In the background, VESSL Clusters leverages GPU-accelerated Docker containers and Kubernetes pods. It abstracts the complex compute backends and system details of Kubernetes-backed GPU infrastructure into an easy-to-use web interface and simple CLI commands. Data Scientists and Machine Learning Researchers without any software or DevOps backgrounds can use VESSL’s single-line CURL command to set up and configure on-premise GPU servers for ML.
VESSL’s cluster integration is composed of four primitives.
- VESSL API Server — Enables communication between the user and the GPU clusters, through which users can launch containerized ML workloads.
- VESSL Cluster Agent — Sends information about the clusters and workloads running on the cluster such as the node specifications and model metrics.
- Control plane node — Acts as the 🔗 cluster-wide control tower and orchestrates subsidiary worker nodes.
- Worker nodes — Run specified ML workloads based on the runtime spec and environment received from the control plane node.
Integrating more powerful, multi-node GPU clusters for your team is as easy as integrating your personal laptop.

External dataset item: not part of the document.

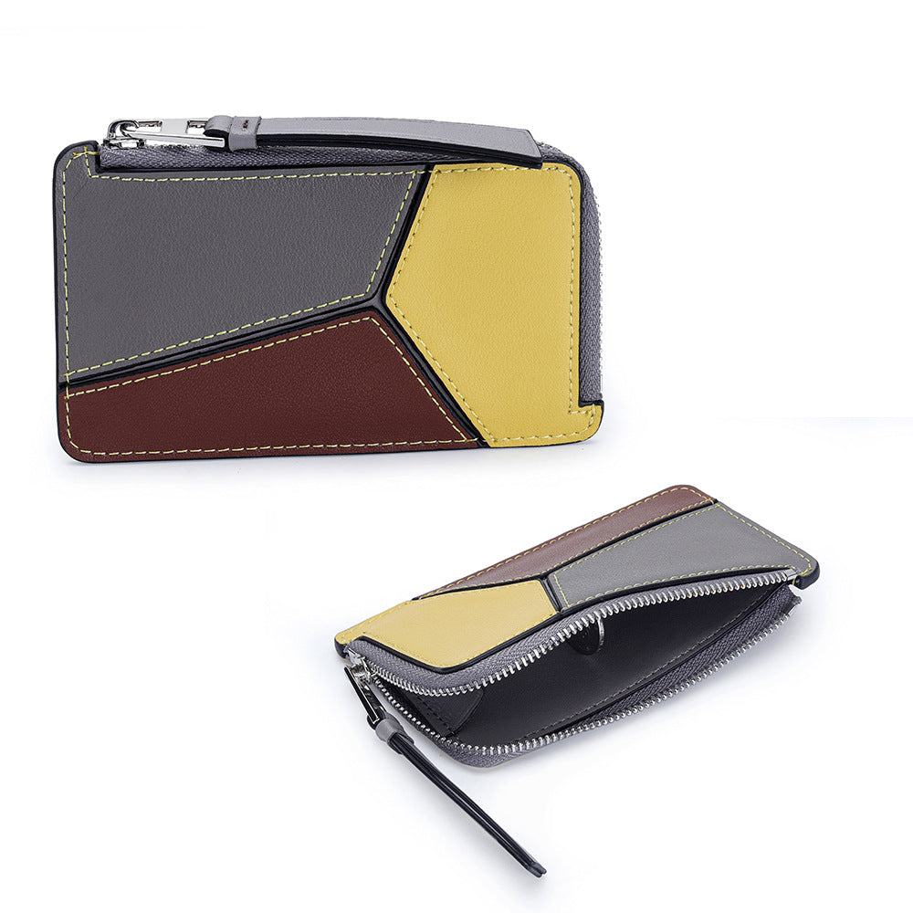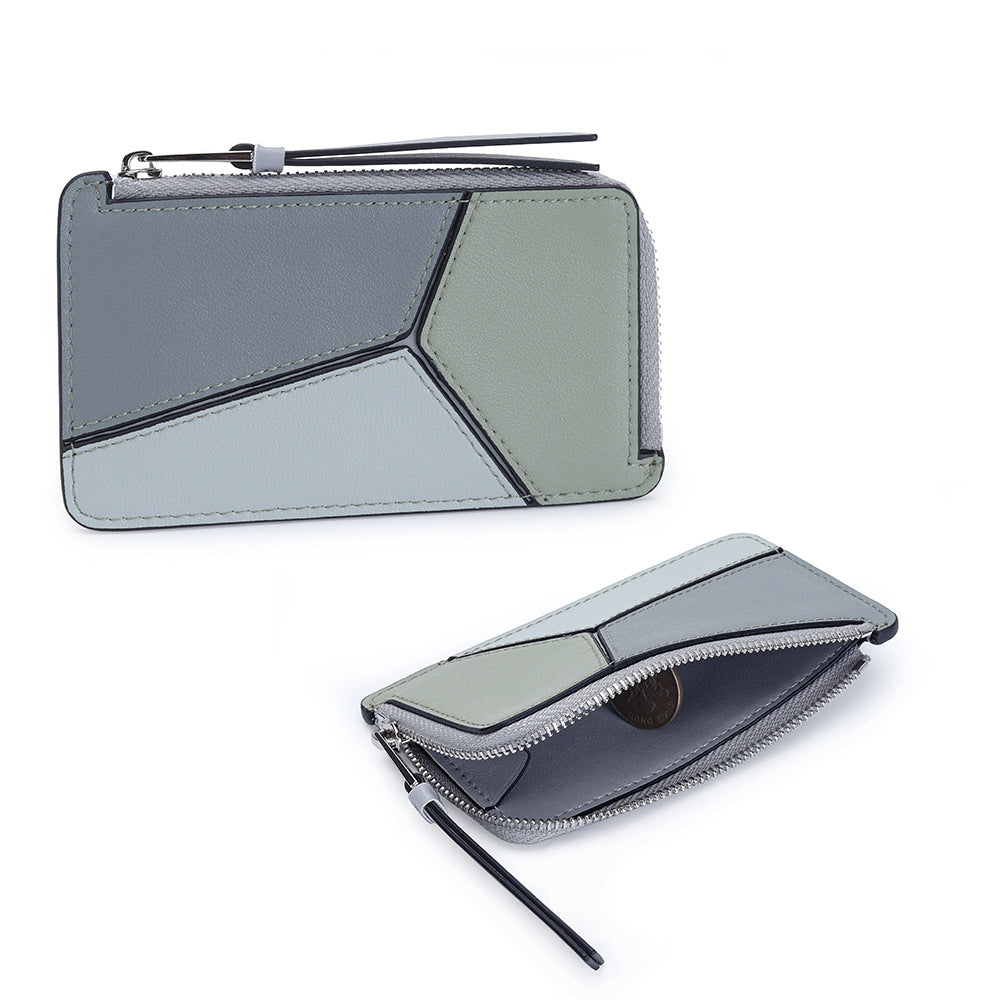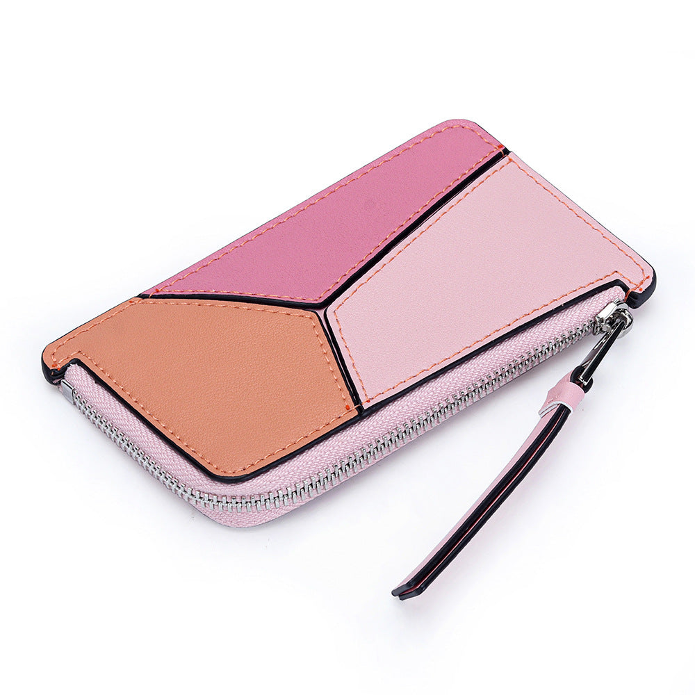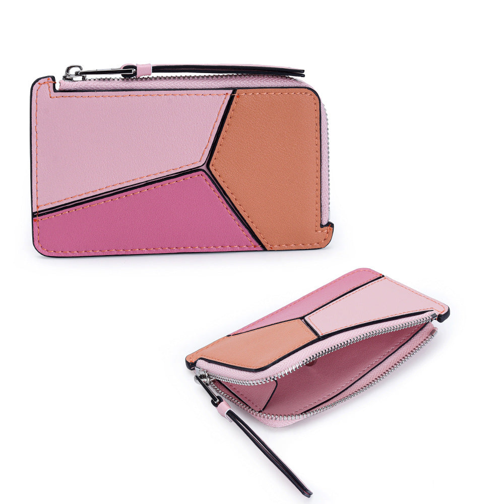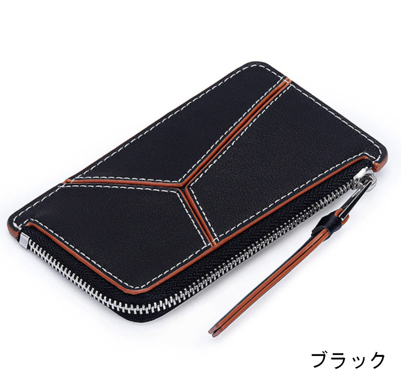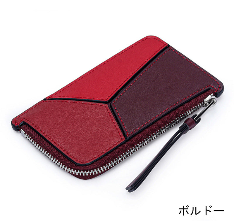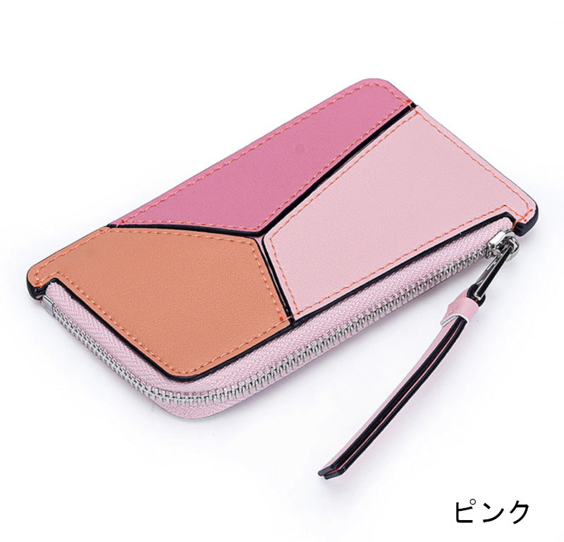 薄型財布 ラウンドファスナー レディース 本革二つ折り財布 本革コインケース パズル風 黒 ピンク

To make the process easier, we’ve prepared a single-line curl command that installs all the binaries and dependencies on your server.
1. Install dependencies
You can install all the dependencies required for cluster integration using a single-line
curl command. The command
- Installs 🔗 Docker if it’s not already installed.
- Installs and configures 🔗 NVIDIA container runtime.

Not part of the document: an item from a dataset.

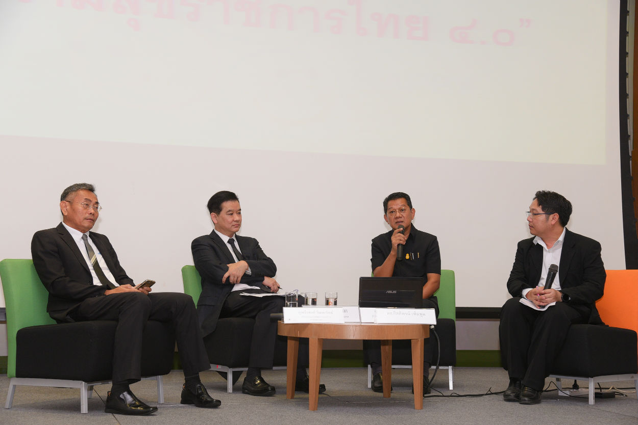 นอกจากนี้ ภายในงานฯ ยังมีเวทีเสวนาในหัวข้อ “ก้าวไปข้างหน้าความสุขราชการไทย 4.0” โดยมีผู้ร่วมเสวนา คือ นายจีรพงศ์ วัฒนะรัตน์ (ที่ปรึกษาด้านกฎหมาย สำนักงานเลขาธิการสภาผู้แทนราษฎร) นายมนัส กำเนิดมณี (ผู้อำนวยการสำนักบริหารทรัพยากรบุคคล กรมชลประทาน) ดร.ณัฐวุฒิ พงศ์สิริ (นายกสมาคมการจัดการงานบุคคลแห่งประเทศไทย) ดำเนินรายการโดย ดร.กิตติพจน์ เพิ่มพูล

- Installs 🔗 k0s, a lightweight Kubernetes distribution, and designates and configures a control plane node.
- Generates a token and a command for connecting worker nodes to the control plane node configured above.
If you wish to use your control plane solely for the control plane node — meaning not running any ML workloads on the control plane node and only using it for admin and monitoring purposes — add a
--taint-controller flag at the end of the command.
curl -sSLf https://install.dev.vssl.ai | sudo bash -s -- --role=controller
Upon installing all the dependencies, the command returns a follow-up command with a token. You can use this to add worker nodes to the control plane. If you don’t want to add an additional worker node you can skip to the next step.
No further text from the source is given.